– Не надо сейчас об этом, – попросила Мадлен. Лина закрыла глаза.
– Я сделала ему больно.
– Он сказал, что подвел тебя, не оправдал твоих надежд. – В сердце Мадлен была горечь. – Он... он был в ужасе, думая, чт.о ты никогда не простишь его.
– Ну что ты, – прошептала Лина. – Я бы простила, конечно; уже простила...
Мадлен постаралась ободряюще улыбнуться на эти слова дочери.
– Вот встретитесь, и ты сама ему об этом скажешь.
Мадлен уже тысячи раз за свою врачебную карьеру находилась в приемном отделении больницы и, может быть, именно потому так ни разу и не смогла толком разглядеть, какие же они – эти приемные покои. Только теперь она заметила, какие тут унылые, голые стены и неудобные стулья, от которых почти сразу же начинает болеть спина. На столиках лежали совершенно неподходящие журналы, они только раздражали взгляд. В самом деле, как же можно было здесь читать о том, как какая-нибудь знаменитость в очередной раз вступила в борьбу с пристрастием к кокаину?..

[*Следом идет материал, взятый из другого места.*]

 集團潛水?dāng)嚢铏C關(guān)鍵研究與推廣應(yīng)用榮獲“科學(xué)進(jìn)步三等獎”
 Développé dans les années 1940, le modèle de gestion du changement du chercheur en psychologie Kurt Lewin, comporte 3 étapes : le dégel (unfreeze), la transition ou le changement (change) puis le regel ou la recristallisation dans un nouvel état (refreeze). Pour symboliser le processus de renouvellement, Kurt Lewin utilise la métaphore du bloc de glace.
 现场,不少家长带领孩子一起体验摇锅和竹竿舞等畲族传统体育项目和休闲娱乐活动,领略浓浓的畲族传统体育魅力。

Мадлен ходила взад-вперед перед окном, смотревшим на автомобильную стоянку.
Лина неподвижно сидела возле.телефона. За последние полчаса с момента их приезда в больницу они не обменялись и словом. Им сказали, что Фрэнсис по-прежнему-в-операционной и что доктор Нусбаум переговорит с ними, как только закончит оперировать.

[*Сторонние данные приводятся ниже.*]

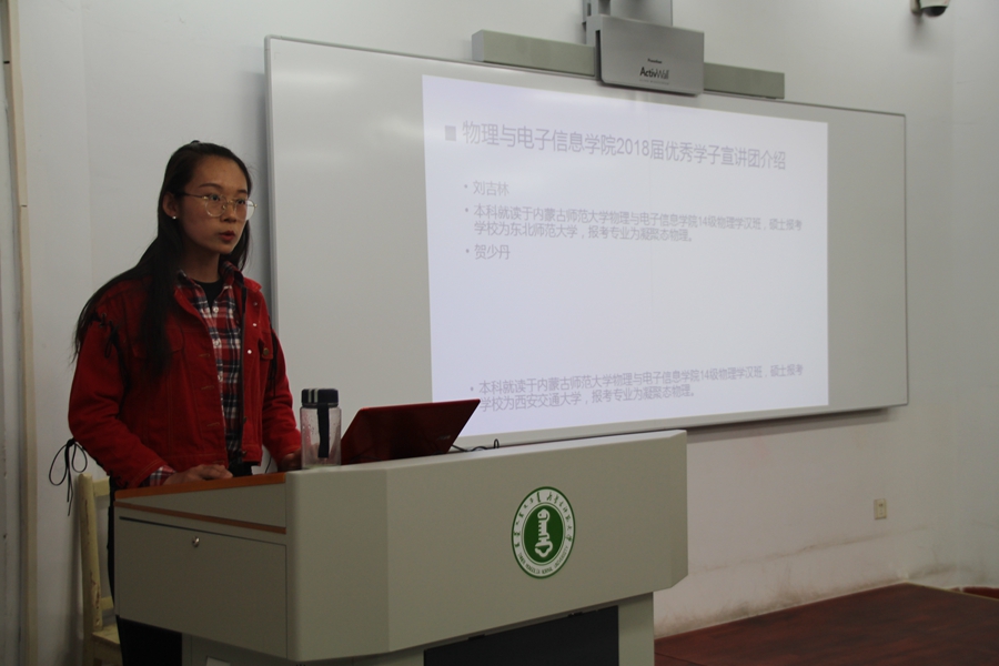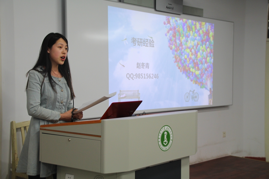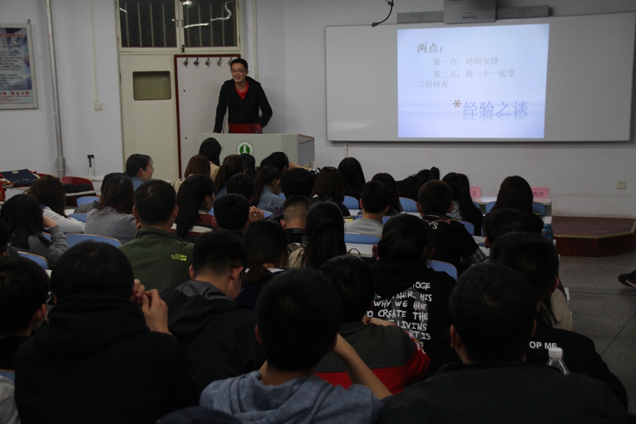 在主持人介绍完宣讲人后,宣讲交流会正式开始。首先由刘吉林同学开始演讲。宣讲中刘吉林同学谈了自己对于考研的理解与自己当时考研的心得体会。希望同学们首先问自己是否做到定好目标、调整心态、心无旁骛。最后送同学们几句话:有志者,事竟成;破釜成舟;百二秦关终属楚;苦心人,天不负;卧薪尝胆;三千越甲可吞吴。随后贺少丹、赵冬青、梁胜杰几位宣讲人一一上台,从学习方法、报考心态、复试技巧、个人经历等不同的角度为在座同学进行宣讲。赢得了在座同学的热烈掌声。

Мадлен так и хотелось ворваться туда, где лежал Фрэнсис, однако она понимала, что этим ему не помочь. Единственное, что она могла, это взять его за руку, когда все закончится.
Обернувшись, она в который уже раз взглянула на стену, где висели большие часы с круглым циферблатом: такие часы обычно бывают в школах. Прошло еще шестьдесят минут бесконечно тянувшегося времени.
Наконец высокий седой мужчина в зеленом хирургическом халате и таких же брюках вошел в приемный покой. Под подбородком у него свисала повязка, которой закрывают нижнюю часть лица хирурги во время операции. Вся одежда его была выпачкана кровью, и Мадлен даже на мгновение зажмурилась, стараясь не думать, что это – кровь Фрэнсиса.
Мужчина устало провел рукой по волосам и, тяжело вздохнув, посмотрел на Мадлен. Затем перевел взгляд на Лину, потом – снова на Мадлен.
– Как я понимаю, вы – миссис Демарко?
Даже странно было, какую сильную боль причинил ей этот вопрос. Она отрицательно качнула головой и, сжав руки, шагнула навстречу хирургу. Глаза Мадлен, казалось, молили о пощаде.
– Я – доктор Мадлен Хиллиард, кардиолог из клиники «Сент-Джозеф». – Мадлен произносила эти слова, понимая, как бесполезно звучат ее объяснения в эту минуту.
А это моя дочь, Лина. Мы в некотором смысле... семья Фрэнсиса.
– Мне очень жаль, доктор Хиллиард...
Больше она ничего не слышала. Кровь прилила к лицу, в ушах зашумело, стало невыносимо тяжело дышать. На мгновение Мадлен показалось, что сейчас ее вырвет, прямо здесь, в приемном покое.
– Полученные повреждения оказались слишком серьезными...
Она судорожно вдохнула, сжав кулаки так, что ногти впились в ладони. Боль принесла даже некоторое облегчение, на секунду пересилив душевную муку. Но секунда прошла, и ей сразу захотелось задать множество вопросов.
– Я хотела бы взглянуть на записи в журнале. Что именно случилось?
– Повреждения спинного мозга, – негромко пояснил хирург, как будто его тихий голос мог смягчить ужас произносимых им слов. – Он пробил переднее стекло автомобиля, потом ударился головой о дерево. Это вызвало множественные внутричерепные кровоизлияния. Мы сразу подключили его к системе жизнеобеспечения, но, увы...
– Как?! – крикнула Лина. – Хотите сказать, что он еще жив?! – Она в сильном смущении от собственной смелости посмотрела на мать, затем перевела взгляд на хирурга. – Сначала сказали, что вам очень жаль...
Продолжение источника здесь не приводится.